Harry Ramsey served in the AEF with the Red Cross in Italy, France, and Great Britain. On March 24, 1920. long after most battlefield hostilities had ended,"Harry W. Ramsey, age 42, born in Illinois" was listed as a "clerical worker" on personnel records of the Red Cross. Later that year he returned to New York City and resumed his career as a newspaper artist.
In 1926 he moved to an impressive art studio at 9 East 59th Street, which was next door to a construction site of the ritzy Sherry Netherland Hotel. He placed an advertisement for his services in a nationwide guide for graphic artists, "H. Ramsey, Telephone: REG(ency) - 4169 - Specializes in Figures, Heads, in Oil Paint."

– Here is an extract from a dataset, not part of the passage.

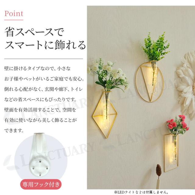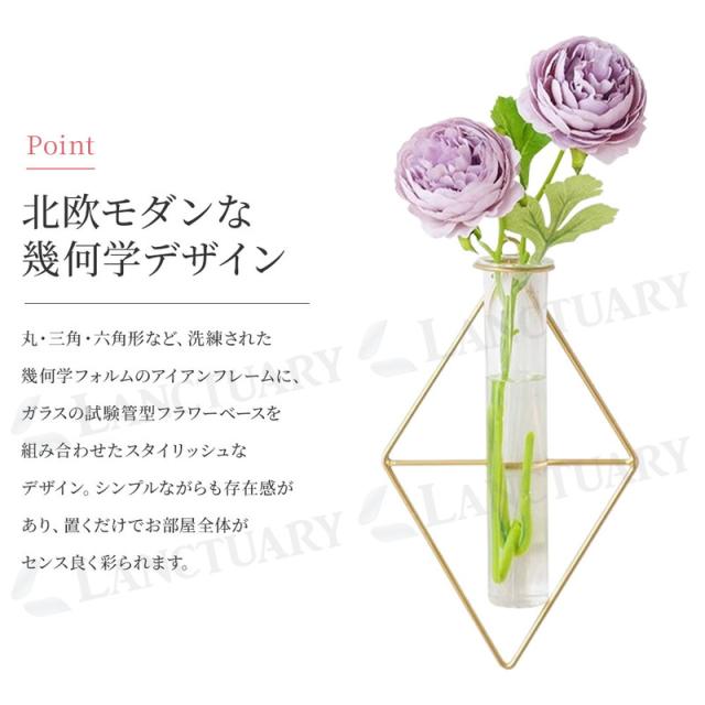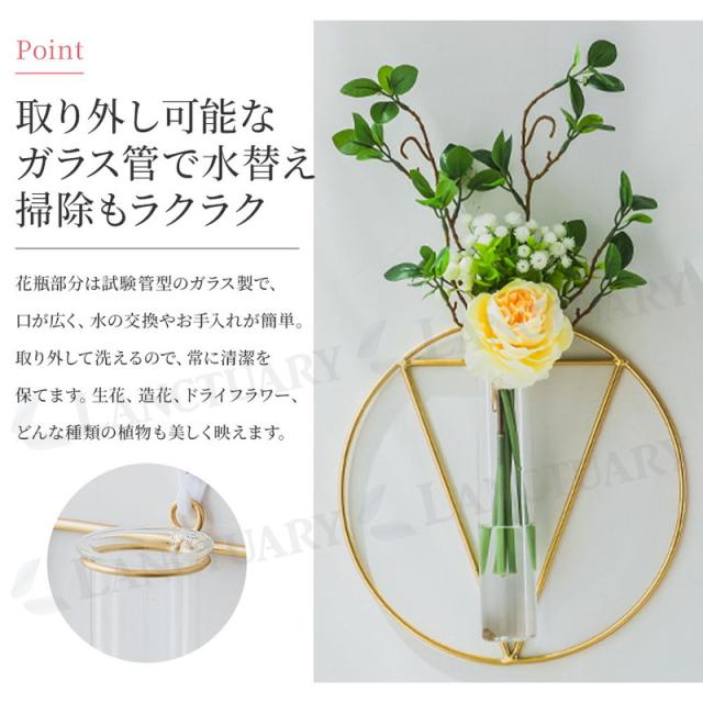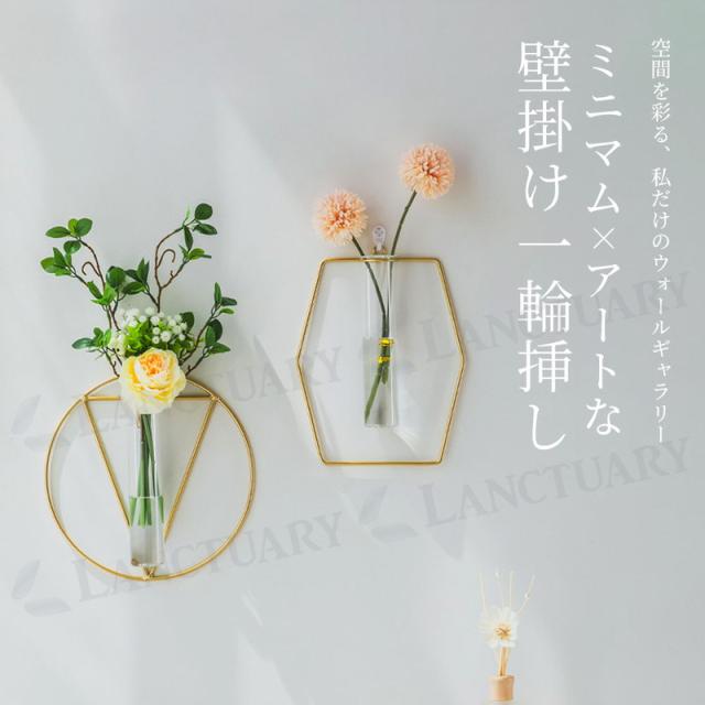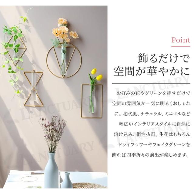 壁掛け一輪挿し フラワーベース 北欧 韓国インテリア ウォールデコ アート 幾何学 おしゃれ スタイリッシュ 花瓶 ガラス ドライフラワー フェイクグリーン 生花

In 1928 he moved to Philadelphia, where he was hired as a staff artist at The Philadelphia Public Ledger. He lived at 407 Locust Street, which he rented for fifty dollars a month.
In the 1930s during the Great Depression most newspapers and magazines experienced hard times, because they depended on advertising dollars, which were suddenly in short supply. On the other hand, pulp magazines sold cheap thrills to the masses and only depended on newsstand sales. Oddly enough this was a formula for success, because the 1930s were the most lucrative years for the pulp industry. Out of economic necessity Harry Ramsey drew pen and ink story illustrations for pulp magazines. His work appeared in All Western, Super Sports, Western Romances, and All Sports. He preserved his reputation by using the alias, Ray Ramsey, which used his brother's "new" last name for his own first name. He also signed many of his pulp illustrations with a distinctive signature designed with the initials "RR" in which the first letter is written backwards.
In 1939 he also began to draw for comic books. His drawings appeared in Keen Detective Funnies, Funny Picture Stories, and Blue Bolt. He also drew The Count of Monte Christo, Ivanhoe, and Last of the Mohicans for Classics Illustrated Comics.
During WWII he was over sixty-five, so he was not required by law to register with the selective service.
His last assignments were in 1952 for Roy Rogers and Wildfire produced by Dell Comics.
Harry Ramsey died in a hospital in Yonkers, a suburb just north of the Bronx in Westchester County, NY, at the age of seventy-four on February 28, 1952.